>>>>

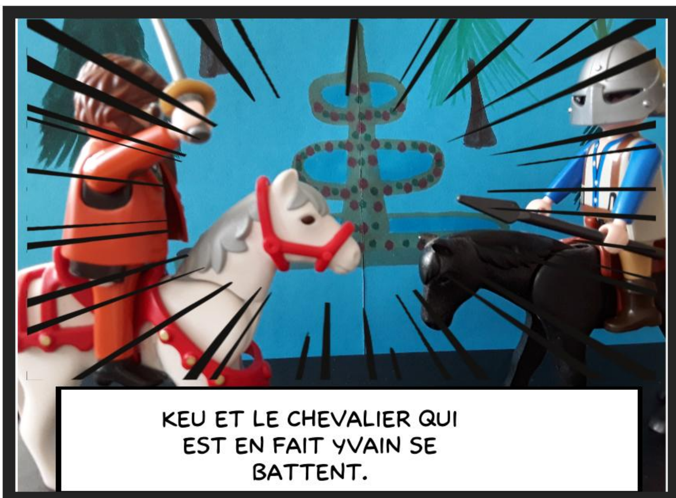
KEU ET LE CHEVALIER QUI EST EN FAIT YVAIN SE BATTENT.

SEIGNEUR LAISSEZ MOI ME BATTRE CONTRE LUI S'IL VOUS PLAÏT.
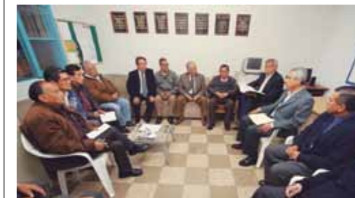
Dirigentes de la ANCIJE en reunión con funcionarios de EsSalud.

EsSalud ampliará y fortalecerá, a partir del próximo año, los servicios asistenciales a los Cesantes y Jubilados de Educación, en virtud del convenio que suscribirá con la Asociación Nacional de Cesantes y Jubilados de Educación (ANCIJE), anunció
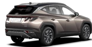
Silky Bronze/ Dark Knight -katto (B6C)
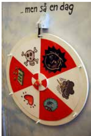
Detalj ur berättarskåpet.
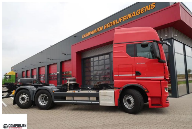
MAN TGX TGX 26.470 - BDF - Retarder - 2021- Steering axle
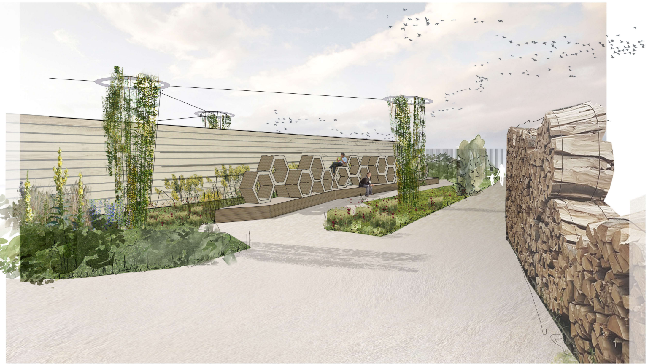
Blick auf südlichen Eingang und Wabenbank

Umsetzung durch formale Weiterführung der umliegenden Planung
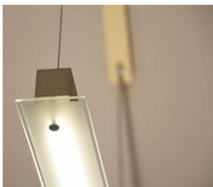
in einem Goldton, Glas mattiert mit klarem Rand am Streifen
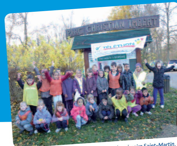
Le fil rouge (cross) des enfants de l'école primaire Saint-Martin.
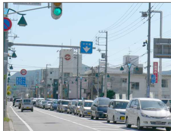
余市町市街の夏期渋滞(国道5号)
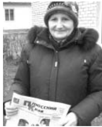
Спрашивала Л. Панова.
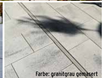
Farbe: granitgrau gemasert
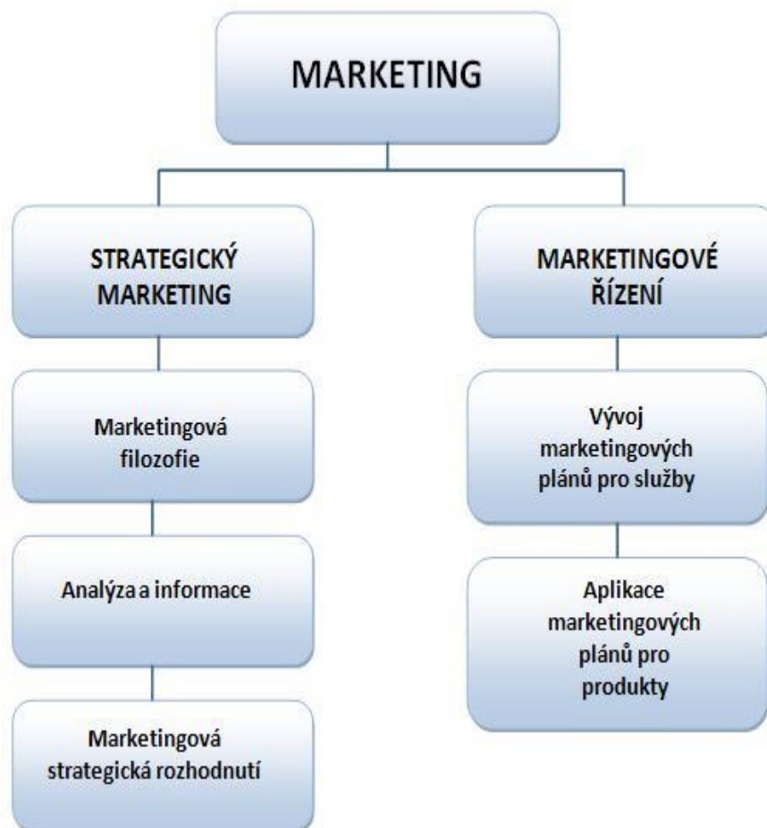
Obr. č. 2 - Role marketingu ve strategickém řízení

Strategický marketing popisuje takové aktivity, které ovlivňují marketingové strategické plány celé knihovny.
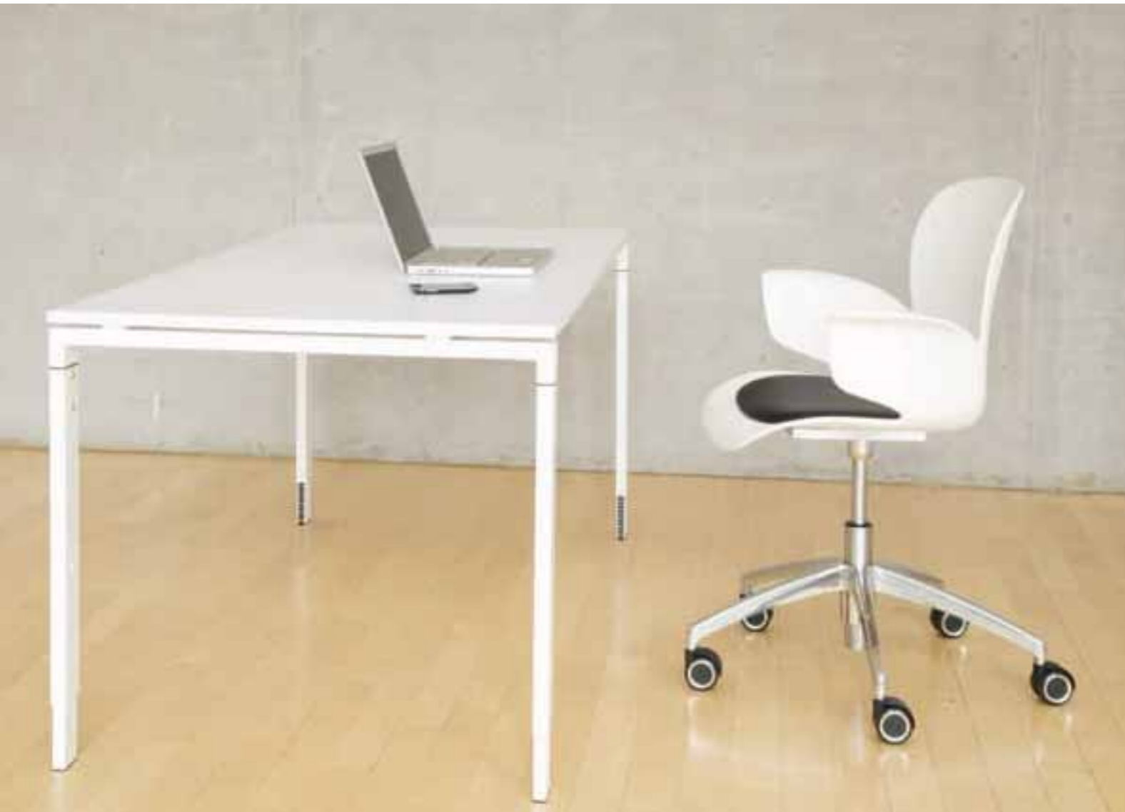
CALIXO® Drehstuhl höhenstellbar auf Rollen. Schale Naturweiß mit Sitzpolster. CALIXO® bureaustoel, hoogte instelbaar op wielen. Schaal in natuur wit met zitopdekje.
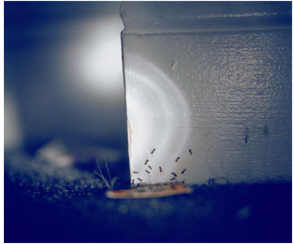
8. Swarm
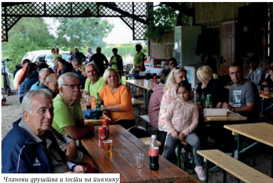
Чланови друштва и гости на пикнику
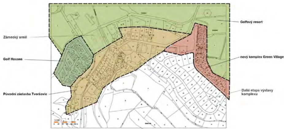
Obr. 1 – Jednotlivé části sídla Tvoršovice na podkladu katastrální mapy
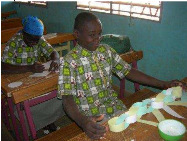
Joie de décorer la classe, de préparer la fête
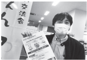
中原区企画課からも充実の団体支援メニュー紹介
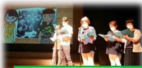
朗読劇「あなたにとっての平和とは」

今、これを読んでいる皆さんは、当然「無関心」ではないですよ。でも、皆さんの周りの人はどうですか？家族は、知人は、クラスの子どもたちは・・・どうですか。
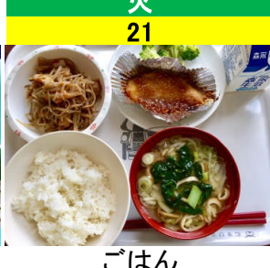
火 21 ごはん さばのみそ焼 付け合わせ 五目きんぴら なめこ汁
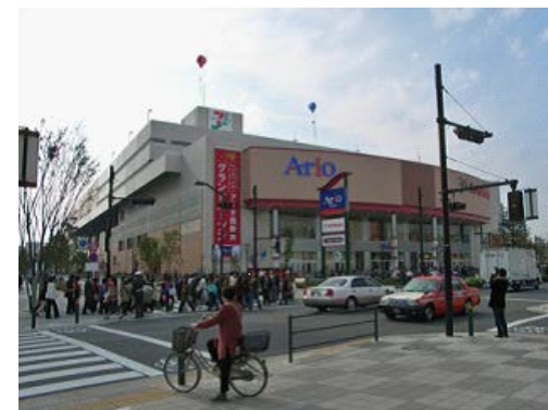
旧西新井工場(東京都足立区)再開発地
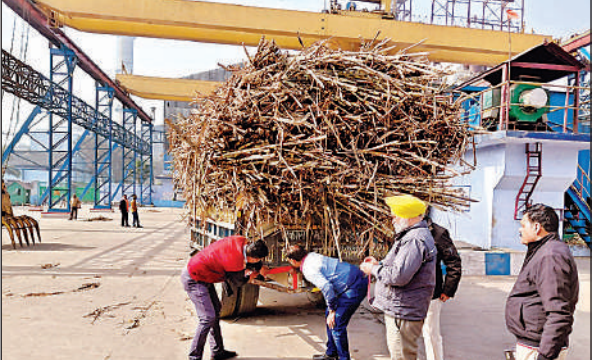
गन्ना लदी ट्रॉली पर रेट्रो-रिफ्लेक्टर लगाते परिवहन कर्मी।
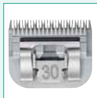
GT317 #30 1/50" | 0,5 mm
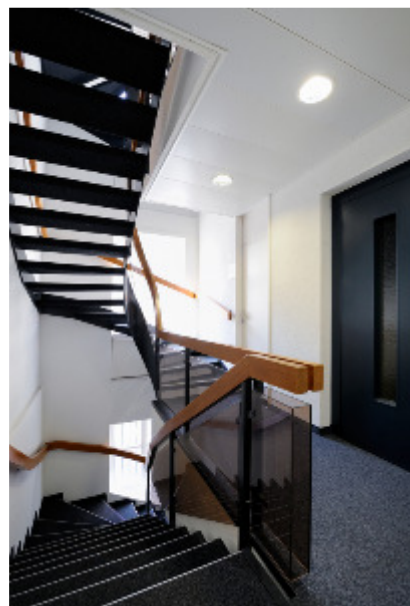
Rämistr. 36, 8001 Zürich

<<<<

Assigned task. Both the line above containing "in einem Goldton, Glas" and the line containing "Strategický marketing popisuje" belong in the copy, along with every line between them; print these exactly and omit the pictures.

Solution to this task.
in einem Goldton, Glas mattiert mit klarem Rand am Streifen
Le fil rouge (cross) des enfants de l'école primaire Saint-Martin.
余市町市街の夏期渋滞(国道5号)
Спрашивала Л. Панова.
Farbe: granitgrau gemasert
Obr. č. 2 - Role marketingu ve strategickém řízení

Strategický marketing popisuje takové aktivity, které ovlivňují marketingové strategické plány celé knihovny.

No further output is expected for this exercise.